The theoretical method for estimating the WQI using the entropy-weighted arithmetic method revolves around the application of entropy theory to objectively determine the weighting of each water quality parameter, thereby eliminating the subjective biases typically associated with expert opinion (Singh et al. 2019). In this method, entropy, a concept derived from information theory, is used to quantify the degree of disorder or uncertainty associated with each water quality parameter (Verma et al. 2022). The greater the variability of a parameter across different water samples, the higher its entropy value, indicating a more significant role in the overall water quality assessment. This process begins with the collection and normalisation of water quality data, followed by the calculation of entropy values for each parameter. These entropy values are then used to derive objective weights that reflect the relative importance of each parameter to overall water quality. These weights are applied to the normalised values of each parameter and the entropy-weighted arithmetic mean of these values is calculated to obtain the final WQI. This entropy-based weighting approach ensures that the WQI is a more accurate and objective representation of water quality, as it minimises the influence of human bias and subjectivity that is inevitable in methods that rely heavily on expert opinion. In this way, it provides a more reliable and scientifically sound basis for water quality assessment, which is crucial for effective environmental monitoring and management.

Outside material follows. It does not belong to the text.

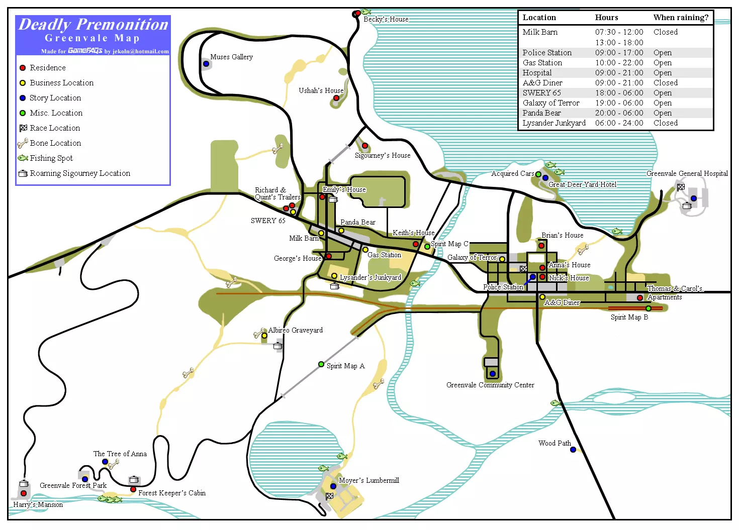 格林维尔的建筑 A & G餐厅:由尼克·科马克经营,是游戏中主要的用餐地点。这里也是约克与其他游戏角色的常见会面场所。 阿尔比雷奥墓地:由失眠症患者布莱恩负责管理,墓地里有几棵看起来颇为诡异的红树。 恐怖星系酒吧:由卡罗尔·麦克莱恩经营的酒吧,在镇民会议后开放。卡罗尔经常在酒吧里唱歌,托马斯则常在此担任调酒师。 巨鹿院酒店:一家规模过大的酒店,是约克在游戏中的主要休息场所。由波莉·牛津经营,她几乎总能在前台后被找到。凯森在镇上时会住在这家酒店,黛安有时也会在那里用餐。大鹿院酒店拥有多个房间,但似乎只有凯森和约克实际入住。每个房间几乎完全相同。酒店老板波莉住在一间大套房里,套房内有一个满是植物的房间和一间带四柱床的宽敞卧室。 格林维尔社区中心:内有墨丘利剧院和钟楼。它是格林维尔最古老的建筑之一。 格林维尔森林公园:第一起谋杀案的发生地。公园本身面积广阔,包含三个主要钓鱼点。由吉姆·格林负责照料。该公园在《致命预感:导演剪辑版》的开场过场动画中出现。 格林维尔综合医院:位于城镇边缘,是约克在游戏中最早访问的地方之一。这里也是唯一可以购买生命恢复道具的地方。格林维尔 sheriff 局:警察局是调查的中心集合点。由乔治·伍德曼负责管理。如果托马斯在警局,他还会提供餐食,这些餐食是游戏中效果最好的状态恢复道具之一。乔治·伍德曼有时会在自己的办公室里对着镜子展示肌肉、举铁。 天堂与地狱加油站:格林维尔唯一可以购买汽油的地方。由“狂暴公牛”杰克和他的妻子“玫瑰唇”吉娜共同拥有并经营。约克也可以在加油站洗车,还可以通过贿赂杰克获取不同支线任务的信息。 莱桑德的垃圾场:由莱桑德将军拥有的废料场。约克可以找到零件来让他的车跑得更快,或者购买新车,包括莱桑德修好后的他自己的车。 牛奶谷仓:由基思和他的妻子莉莉·英格拉姆经营的便利店。店里售卖各种物品,比如食物、弹药和钓鱼装备。基思还持有能获得武器升级的地图。这家店贴满了带有摇滚主题的海报。 莫耶锯木厂:第一起谋杀案的发生地。它是游戏中少数仅在特定章节可进入的地点之一。 缪斯画廊:由黛安·埃姆斯拥有的艺术画廊。画廊里几乎所有的画作都是树木的形象。 熊猫熊:一家位于枪械匠韦斯利家中的枪支商店。他所有的商品都可以通过镇上各处的工具箱在任何时间获取。SWERY '65:理查德·邓恩经营的酒吧。这家酒吧以飞镖盘闻名,你可以用飞镖枪玩飞镖来获取各种物品。 住宅区 安娜的家:下午12点后,当萨莉·格雷厄姆在家时,约克可以在安娜·格雷厄姆的房子周围闲逛。萨莉还会给他支线任务,这些任务会补充安娜在谋杀当晚所做事情的细节。 贝基的家:湖边的一座豪宅,贝基·艾姆斯的家是游戏前半段的焦点。 布莱恩的家:失眠者布莱恩的家位于小镇的老城区,周围围着带刺铁丝网(至少约克是这么说的,不过那明明是铁栅栏)。如果你有布莱恩家的钥匙,可以从大门右侧的小门进入。卡罗尔的家:卡罗尔·麦克莱恩的公寓要到游戏后期才能进入。她的公寓通过厨房与托马斯的公寓相连。 艾米丽的家:虽然开放时间很短,但艾米丽·怀亚特在雨天晚上结束警局工作后,会向约克提供支线任务。有时你会看到她在镜子前练习自卫动作。 乔治的家:位于垃圾场附近,直到游戏结束才能完全进入。 哈里的豪宅:格林维尔最大的房子,在游戏后半段可以随时进入。尽管房子很大,但只有哈里·斯图尔特和迈克尔·蒂洛森住在那里。 森林看守人的小屋:位于格林维尔森林公园边缘的小屋,是吉姆·格林的家。基思的家:英格拉姆一家的住所。下雨天,他们会坐在沙发上,莉莉给双胞胎艾萨克和以赛亚读书,基思则沉浸在音乐中。 尼克的家:尼克和奥利维亚·科马克的家。通常只有奥利维亚在家,她总是在客厅里来回踱步。 昆特的家(开放时间16:00-18:00):位于SWERY '65后方的拖车之一,由昆特·邓恩居住。里面堆满了自行车油箱,墙上贴满了彩色海报。 理查德的家:SWERY 65'后方的另一辆拖车,由理查德·邓恩居住。比昆特的拖车整洁得多。 西格妮的家:在“冷锅”支线任务中,约克需要开车将“漫游”的西格妮送回她家。你可以在车道上找到西格妮的另一只鞋。托马斯的家:托马斯·麦克莱恩的公寓要到游戏后期才能进入。当你透过窗户看时,有时能看到托马斯随着休闲音乐跳舞。 异世界 在游戏的不同阶段,约克必须前往异世界收集线索并分析该区域。这些地方都会变成现实世界景象的破败腐朽版本。阴影在走廊中游荡,并在随机位置出现。这里也是约克与雨衣杀手互动的地方。 根据情况不同,建筑布局也可能发生变化。完成最初的异世界场景后,约克可以返回该地点并再次体验。重玩可能会获得最初无法获得的物品、交易卡牌和武器。这些区域包括: 莫耶锯木厂 贝基的家 缪斯画廊 格林维尔综合医院 格林维尔警局 恐怖银河 哈里的宅邸 格林维尔社区中心(水星剧院) 天津四墓园 另外三个地点——科普隧道、延伸线路公司以及达利斯公司格林维尔变电站——提供基于基思地图的异世界挑战,完成后可获得各种无限武器。 凌晨00:00(午夜)至06:00期间,外部世界会转变为异世界。阴影会持续生成,野狗会变成巨型怪物。此时间段出现的阴影更有可能掉落物品,但也更擅长偷袭并杀死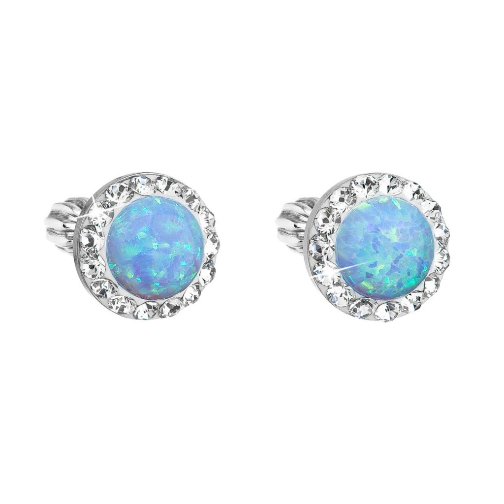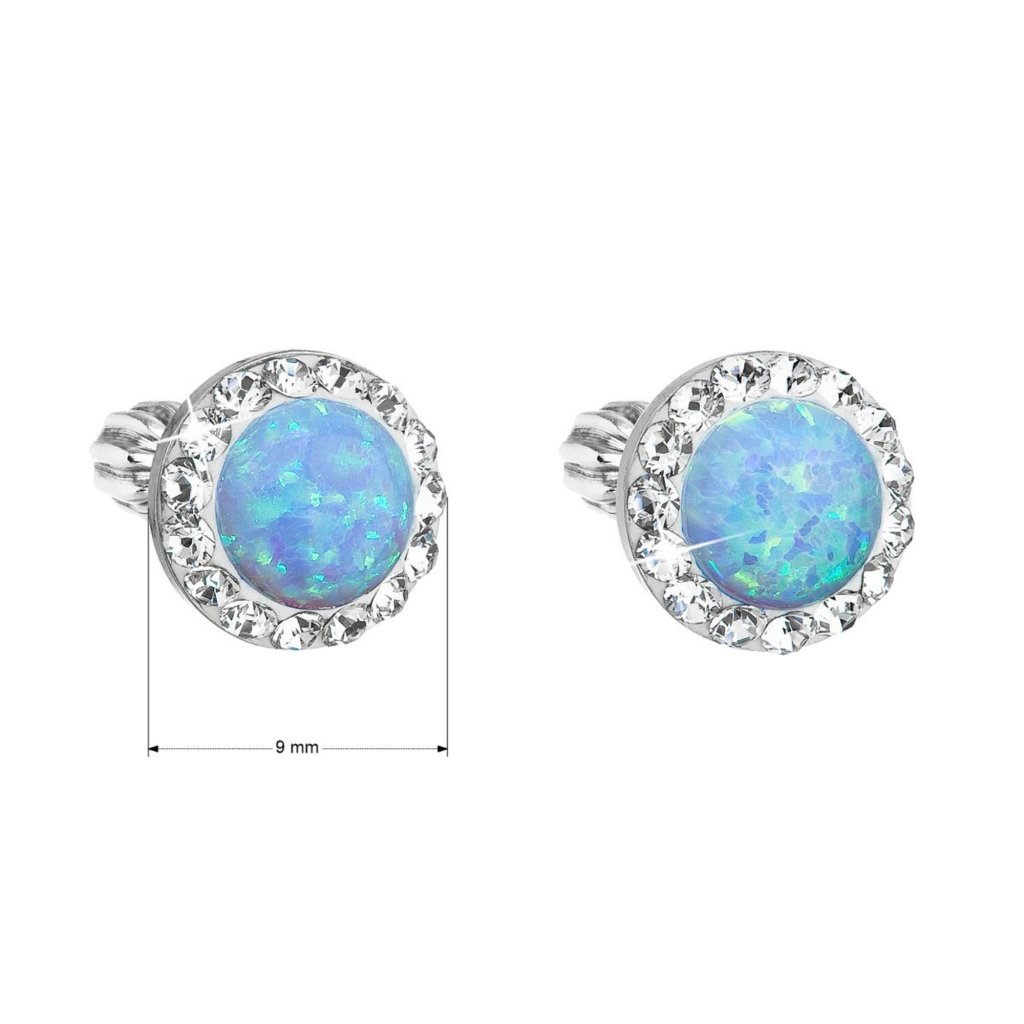 Strieborné náušnice s opálom a Preciosa kryštály 31317.1 svetlo modré

Methods for machine learning–based feature selection techniques

In the theoretical framework of machine learning-based feature selection techniques, in particular the decision tree, random forest and correlation methods, each technique fulfils a specific role in identifying the most important features for predicting the WQI. The decision tree method works by creating a tree-like model of decisions where the importance of features is determined by how effectively they contribute to the partitioning of the data, indicating their influence on the outcome variable, in this case the WQI. The random forest approach, an ensemble of decision trees, further refines this process by constructing multiple trees and aggregating their results, thereby improving the reliability and generalisability of the feature importance scores. This method is particularly effective in dealing with overfitting and provides a more comprehensive understanding of feature relevance. Finally, the correlation method involves statistical analysis to assess the strength and direction of the relationship between each feature and the WQI. By assessing the correlation coefficients, this method helps to identify traits that have a significant linear relationship with the WQI. Together, these three methods provide a robust framework for feature selection, ensuring that the most predictive and relevant features are identified for use in WQI prediction models. This multi-layered approach utilises both statistical and machine learning techniques to improve the accuracy and efficiency of water quality assessments.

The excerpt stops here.